QRIS dan Kedaulatan Finansial Indonesia: Mengapa Kita Harus Mandiri?

Pertarungan sengit di dunia sistem pembayaran digital sedang berlangsung. Pemerintah Amerika Serikat (AS), melalui USTR, baru-baru ini melayangkan protes terhadap kebijakan Indonesia terkait QRIS (Quick Response Code Indonesian Standard) dan GPN (Gerbang Pembayaran Nasional). Mereka menganggap kedua sistem ini sebagai penghalang perdagangan yang tidak adil bagi perusahaan-perusahaan AS, seperti Visa dan Mastercard.

Namun, di balik protes ini, tersimpan agenda geopolitik dan ekonomi yang jauh lebih besar. Bukan hanya tentang aliran uang ke luar negeri, tetapi juga tentang siapa yang memegang kendali atas arus keuangan, data, dan kedaulatan finansial suatu negara.

QRIS dan GPN bukan sekadar alternatif pembayaran, melainkan solusi strategis yang lebih efisien, terjangkau, dan berdaulat bagi Indonesia. Lalu, mengapa Indonesia tidak perlu lagi bergantung pada Visa dan Mastercard?

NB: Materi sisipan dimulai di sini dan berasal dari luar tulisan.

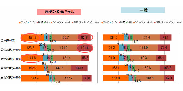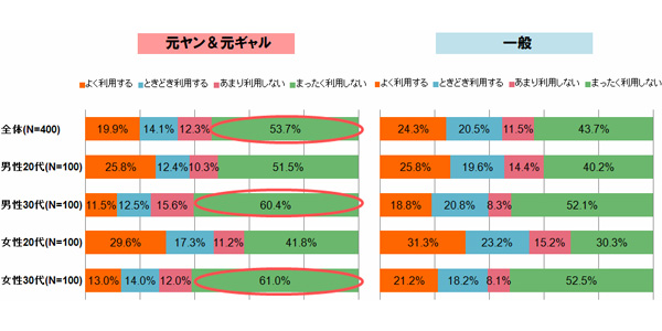 調査によると、元ヤン・元ギャルはテレビと携帯・スマホでのインターネットの接触時間が長く、特に30代の男性はテレビで40分、携帯・スマホでのインターネットで22分も一般を上回った。また、元ヤン・元ギャルはソーシャルネットワークサービスをまったく利用しない比率が高く、30代は男女とも6割が利用していないという結果になった。そのほかの詳細はWebで確認してほしい。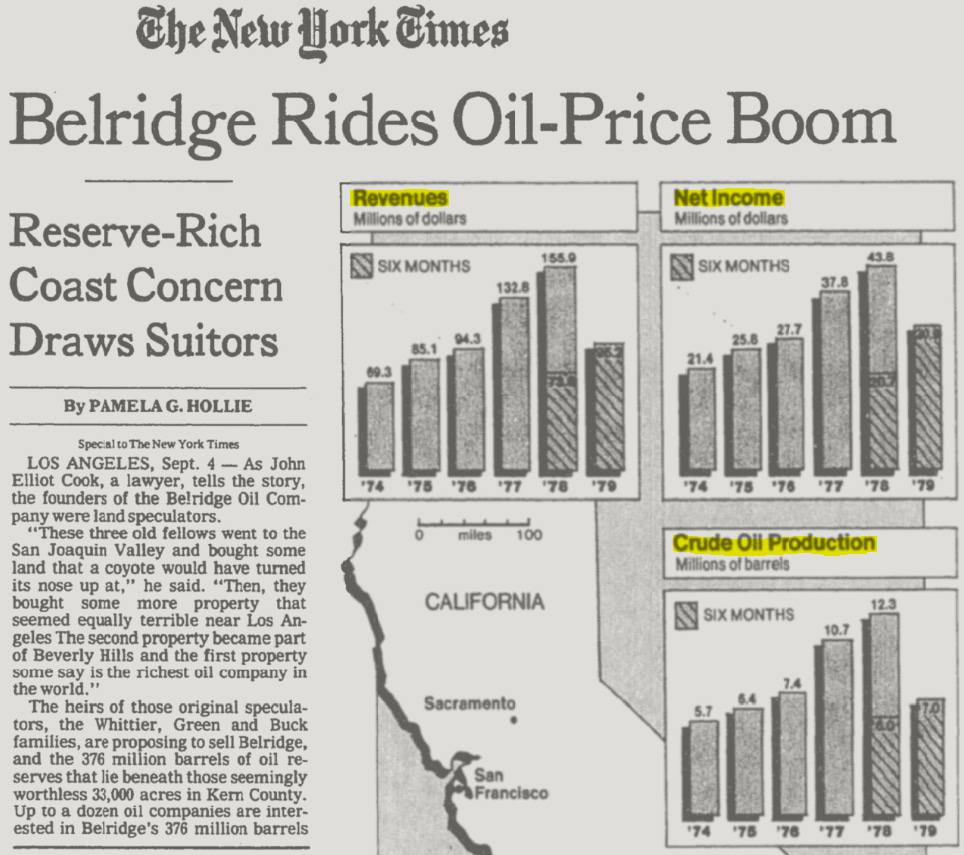 Belridge Oil was a small pink-sheet company that owned rich oil fields in California. It was founded in 1911 by the Green, Whittier, and Buck families, whose descendants still held majority control decades later.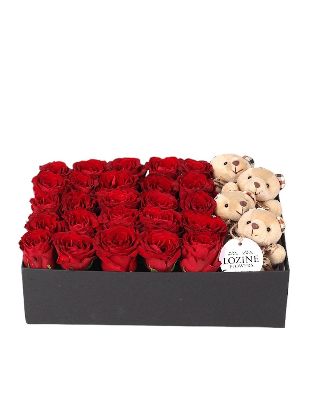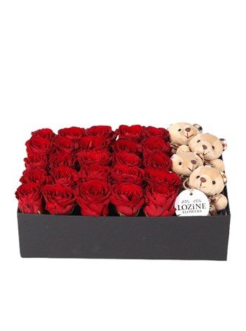 Kutuda 25 adet kırmızı gül ve 4 adet mini ayıcık bulunamktadır.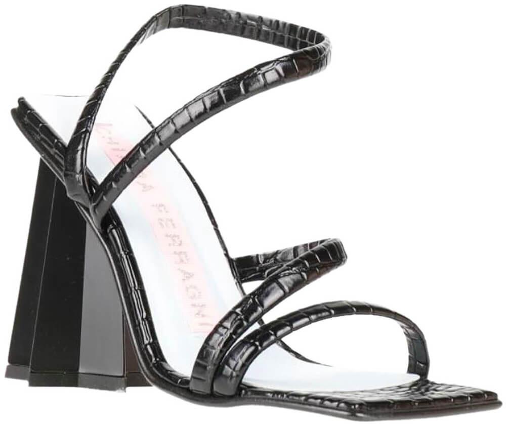 Сандалии черного цвета с ремешками в тон, кожаной стелькой. Каблук-звездочка.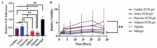 hiPSCs culture on the pECM hydrogels. (A) Cell adherence on the pECM hydrogels, and (B) viability along 28 days of spontaneous differentiation on different pECM hydrogels relative to the viability on each material at day 1 (control). n = 5, * p < 0.01, ** p < 0.001.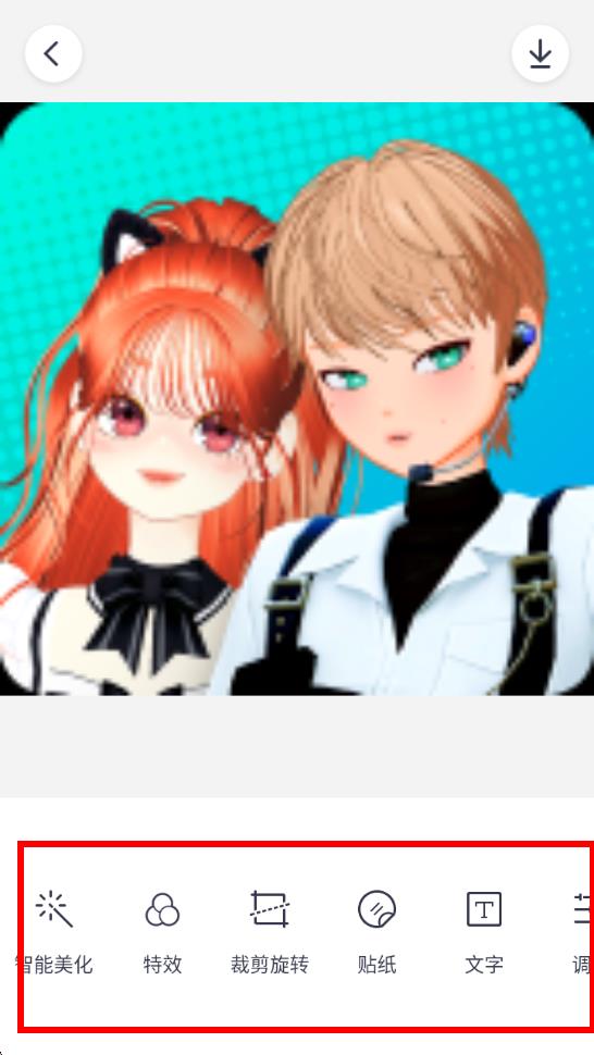 3、圖片導(dǎo)入后,利用下方功能欄中的智能美化、特效、裁剪旋轉(zhuǎn)、貼紙、文字等工具進(jìn)行編輯。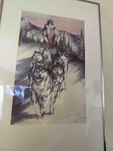 This item is a contemporary framed print, likely a lithograph or high-quality giclee, depicting a traditional sled dog team and musher in a winter landscape. The artwork features five Siberian Huskies or Alaskan Malamutes in the foreground, rendered with detailed linework in black and grey, contrasting against a soft, pastel-toned background of mountains and pine trees. The musher is seen in the upper center, dressed in heavy arctic furs. The color palette is composed of muted blues, lavenders, and pinks in the sky, reflecting a dawn or dusk lighting. The piece is professionally matted with a clean white border and housed in a thin, contemporary silver-toned metal frame behind glass. It appears to be signed and numbered in the lower right corner, although the specifics are obscured by glare, suggesting it is a limited edition piece from the late 20th century. The condition of the visible print appears excellent, with no signs of foxing or water damage, though there is a minor reflected glare on the glass surface. The composition demonstrates high-level illustrative craftsmanship, particularly in the expressive faces and anatomical accuracy of the dogs.

Ada tiga alasan utama mengapa Indonesia harus berdiri di atas kaki sendiri:

  1. Potensi Kehilangan Devisa: Selama ini, miliaran dolar telah mengalir ke luar negeri. Sebelum ada GPN (2017) dan QRIS (2019), setiap transaksi kartu debit/kredit di Indonesia harus melalui jaringan Visa atau Mastercard, tanpa memandang apakah transaksi tersebut merupakan pembelian sederhana di warung kecil dan dilakukan antar-rekening domestik. Biaya transaksi sebesar 1% hingga 3% mengalir ke perusahaan AS. Bayangkan skala nasionalnya, mulai dari pembelian makanan hingga barang-barang secara daring. Jumlah dana yang mengalir ke luar negeri melalui transaksi Visa dan Mastercard mencapai miliaran dolar per tahun.

  2. Soal Biaya: Biaya yang dikenakan oleh Visa dan Mastercard lebih tinggi dibandingkan GPN dan QRIS, yang hanya mengenakan biaya 0,3% – 0,7%, bahkan gratis untuk UMKM. Settlement GPN dan QRIS juga lebih cepat dan data diproses di dalam negeri. Hal ini mengurangi kebocoran data dan pengawasan asing. Bukan hanya soal uang, tetapi juga soal data transaksi, seperti pola belanja, lokasi, dan preferensi konsumen yang berpotensi dikirim ke luar negeri jika menggunakan Visa atau Mastercard. Hal ini jelas mengancam kedaulatan negara. QRIS juga dinilai lebih inklusif, karena dapat digunakan oleh semua kalangan, mulai dari pedagang kecil hingga pedagang besar, bahkan untuk kegiatan amal.

  3. Diplomasi Ekonomi dan Ancaman AS: AS khawatir kehilangan pasar strategis. Apalagi, ASEAN sedang membangun jaringan pembayaran regional. Transaksi QRIS melonjak signifikan. Sebaliknya, dominasi Visa/Master mengalami penurunan. QRIS sudah terhubung dengan sistem pembayaran di negara tetangga.

Kritik AS terhadap QRIS dan GPN merupakan bentuk tekanan ekonomi. Tuduhan tidak transparan terhadap Bank Indonesia (BI) hanyalah alasan yang dibuat-buat agar Visa/Master tetap bisa menikmati keuntungan di Indonesia. Sudah saatnya sistem pembayaran melalui GPN dan QRIS terus diperkuat dengan ekspansi QRIS lintas negara.

Mari kita jaga kedaulatan sistem pembayaran Indonesia. BI harus tetap independen dan tidak tergoda untuk menjadi pemain. Pemerintah yang bernegosiasi dengan AS jangan menyerah dalam hal ini. Jika AS bisa melindungi kepentingan ekonominya, mengapa kita tidak boleh mempertahankan kedaulatan pembayaran kita sendiri? Pemerintah jangan lemah dalam menghadapi isu ini.